Now, if you didn't have these odd definitions (crossed homomorphisms, etc.) in front of you, how would you have constructed them from scratch? You'd follow your nose from algebraic topology: You start with continuous functions $f:G^n\to M$, and you'd have your coboundary operator be the standard gadget on forms. Namely, $\partial f$ should be the function from $G^{n+1}$ to $M$ given by one of these alternating sums where you omit one index at a time: $$ \partial f(\sigma_0,\ldots,\sigma_n)=\sum_{i=0}^n(-1)^if(\sigma_0,\ldots,\widehat{\sigma_i},\ldots,\sigma_n). $$ There's a natural $G$-action on these functions, where the action of $\sigma$ on $f$ gives the new function $\sigma f$ defined by $$ (\sigma f)(\sigma_0,\ldots,\sigma_n)=\sigma\cdot f(\sigma^{-1}\sigma_0,\ldots,\sigma^{-1}\sigma_n) $$ Now, following the standard recipe, we apply the "fixed by $G$" functor, and take such forms as our cochains.

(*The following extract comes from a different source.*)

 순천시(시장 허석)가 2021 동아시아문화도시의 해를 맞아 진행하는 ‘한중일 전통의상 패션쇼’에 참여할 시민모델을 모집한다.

And now, the best-kep secret in group cohomology -- this works! The groups $C^n(G,M)$ of cocohains and the coboundary operator $\partial$ defined above lead to the standard notions of closed and exact cochains (things which have trivial boundary, and things which are themselves coboundaries, respectively), and voila, cohomology! No crossed homomorphisms, funky coboundary operators, etc.

So why do the less intuitive versions of these things even exist? Because they're better. Or at least more efficient. The point is that once you insist on $G$-invariance, the cochains defined above have a redundant variable in place. Everything that seems scary about the definitions of group cohomology comes from translating the above construction into the ones where you remove the extra degree of freedom. In the literature, this is called moving from homogeneous to inhomogeneous cochains (see, e.g., Chapter 1 of Cohomology of Number Fields.).

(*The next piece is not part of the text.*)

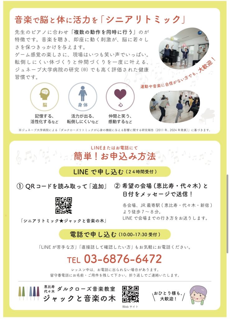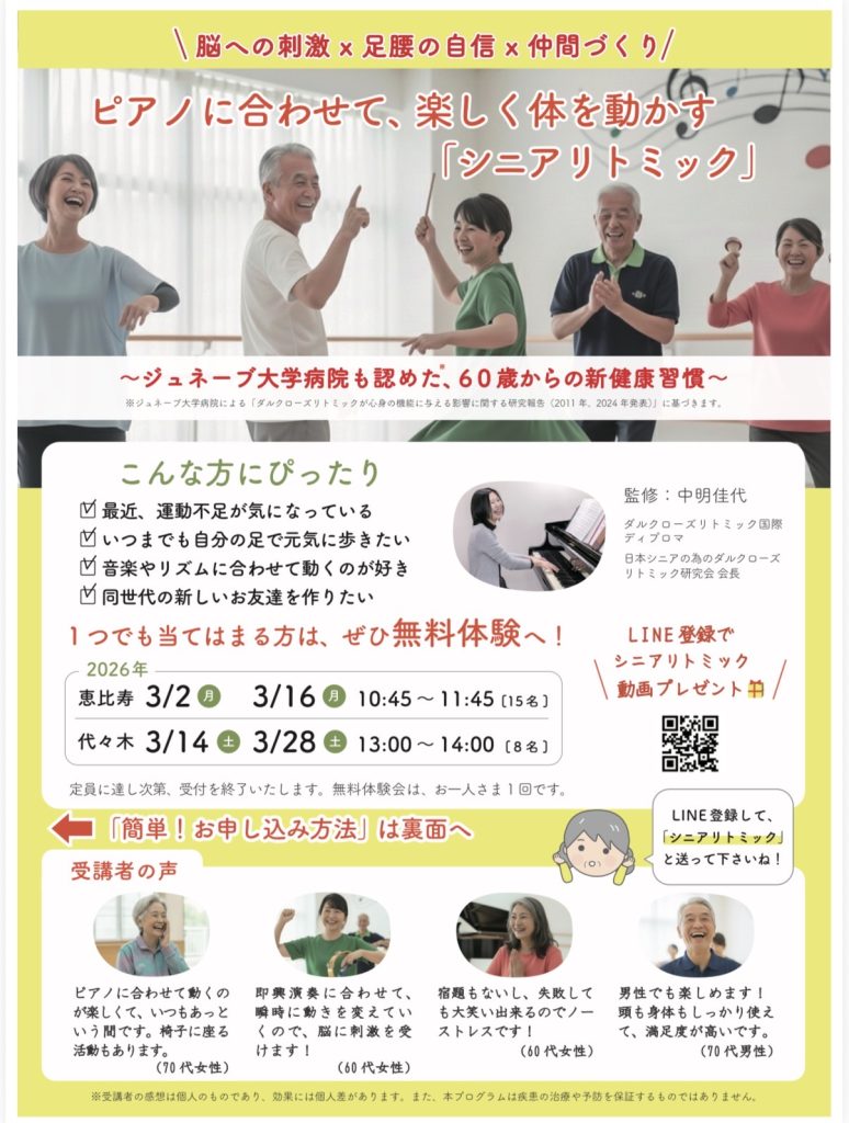【恵比寿・代々木】シニアリトミック無料体験会のお知らせ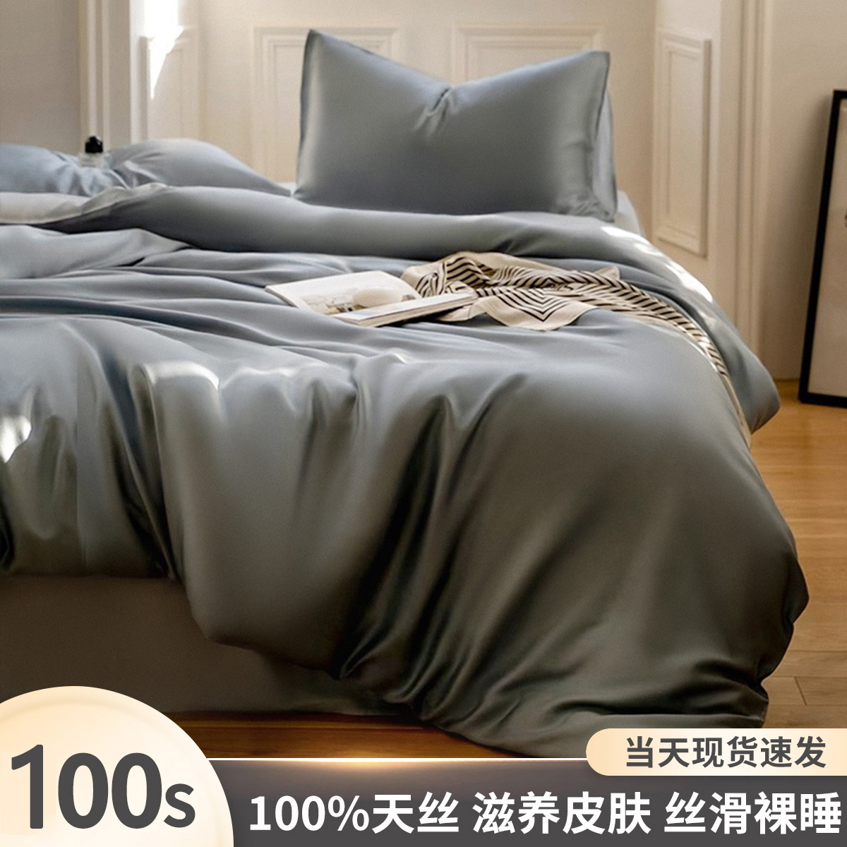 LF grade 100 Austrian Lenzing Tencel Summer Bed four-piece set, ice silk summer cool quilt cover, bed hat, bed sheet, Silk

For example, when $n=0$, it's easy to see that the $G$-invariance of a function $f:G\to M$ implies that it is in fact constant, determined by $f(1)$. And this holds true in higher dimensions as well. The next one up is your specific questions: "homogeneous" 1-chains are functions $f:G^2\to M$ satisfying $G$-invariance and the coboundary condition $df(\sigma_0,\sigma_1,\sigma_2)=f(\sigma_1,\sigma_2)-f(\sigma_0,\sigma_2)+f(\sigma_0,\sigma_1)=0$ for all $\sigma_0,\sigma_1,\sigma_2\in G$. In other words, cochains satisfy $G$-invariance and the identity. $$ f(\sigma_0,\sigma_2)=f(\sigma_1,\sigma_2)+f(\sigma_0,\sigma_1) $$ Not so bad, at first glance. Certainly easy to remember But now your cocycle condition is both an equation with one extra variable and an extra condition ($G$-invariance) that's not built into the equation. But! If you translate this into the language of *in*homogeneous cochains, you get precisely the $f(\sigma_1,\sigma_2)=f(\sigma_1)+\sigma_1*f(\sigma_2)$ condition -- now you have a single condition defining coboundary-ness. The translation between homogeneous and inhomogeneous forms is an easy but notationally-heavy exercise. Your other question is about the completely analogous translation of what makes a 1-chain a coboundary.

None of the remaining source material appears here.